In the world of oncology, a few months’ difference in survival can certainly be deemed clinically relevant. However, without overall survival benefit in the whole population, can progression-free survival really be enough for society to decide to pay for a drug? Can quality of life be the sole primary endpoint in cancer patients? What is the threshold for additional number of months in life expectancy to be truly meaningful? The moral dilemma that regulatory bodies must face in these situations can be challenging. What ultimately is deemed effective or beneficial seems more difficult to determine than one would expect. A one size fits all approach cannot be applied given the heterogeneity of the diseases, but some uniform resource rationing system must exist to tackle opportunity costs. In the case of ovarian cancer and bevacizumab, the economical solution may very well be to find the optimal biomarker that allows us to identify the subset of patients who would respond best to targeted therapy, employing a biosimilar when possible.
The solution to regulating private insurance remains a challenging one. While it may be tempting to wish for universal health coverage so that everyone has access to the same products, it is also the competition resulting in unequal access that allows pharmaceutical companies to produce newer and better treatments which then become more accessible to everyone.
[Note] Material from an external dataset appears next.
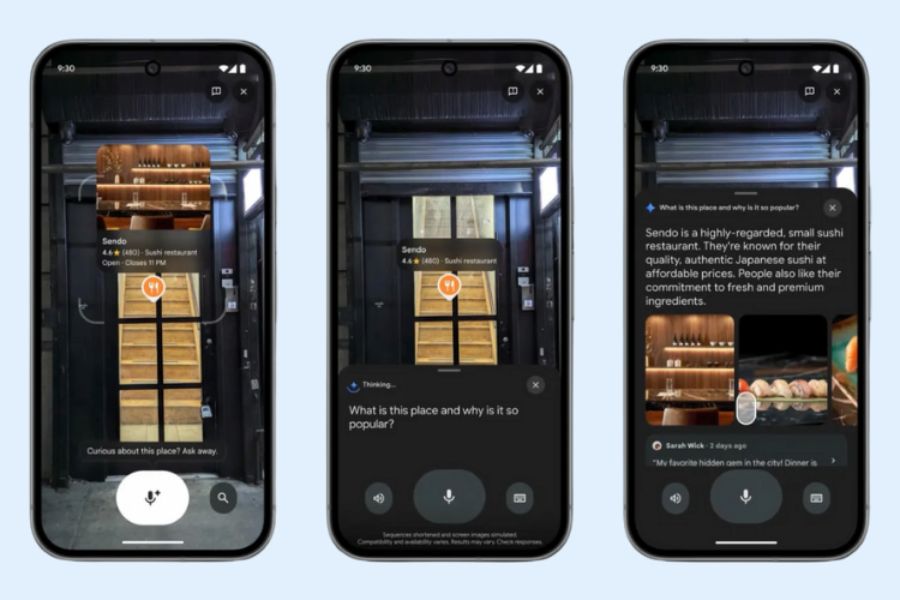 Sự kết hợp giữa Lens và AI Gemini đã mở ra cách khám phá thế giới hoàn toàn mới ngay trong Google Maps. Thay vì phải nhập tên địa điểm, người dùng chỉ cần mở camera điện thoại và quét xung quanh khu vực đang đứng.

It may be counterintuitive, and there is certainly a fine balance, but a small degree of inequality in health is sometimes required for longterm improvement in health. Private cancer centers in the United States are one example of a sector that is extremely competitive but also highly efficient in research and development of cancer therapy. Coming back to the supplier issue, we need and depend on large competitive pharmaceutical companies to provide a constant supply of various drug therapies to ultimately obtain competitive pricing and better treatments.
In summary, access to bevacizumab for front-line treatment of ovarian cancer remains challenging due to various reasons including public funding policies, private insurance coverage, physician and institutional factors, and concerns regarding its costeffectiveness. In Canada and in the United States, most jurisdictions have access to bevacizumab, but implementation of this regimen is not well captured. Biosimilars have emerged as a cheaper alternative and have yet to capture the gynecology landscape. Much more work is needed to improve the outcomes of ovarian cancer patients, but theories within health economics may shed light to better understand objectives, incentives, and behaviors of the different stakeholders involved in cancer care.
Conflict of Interest
The author reports no financial disclosures.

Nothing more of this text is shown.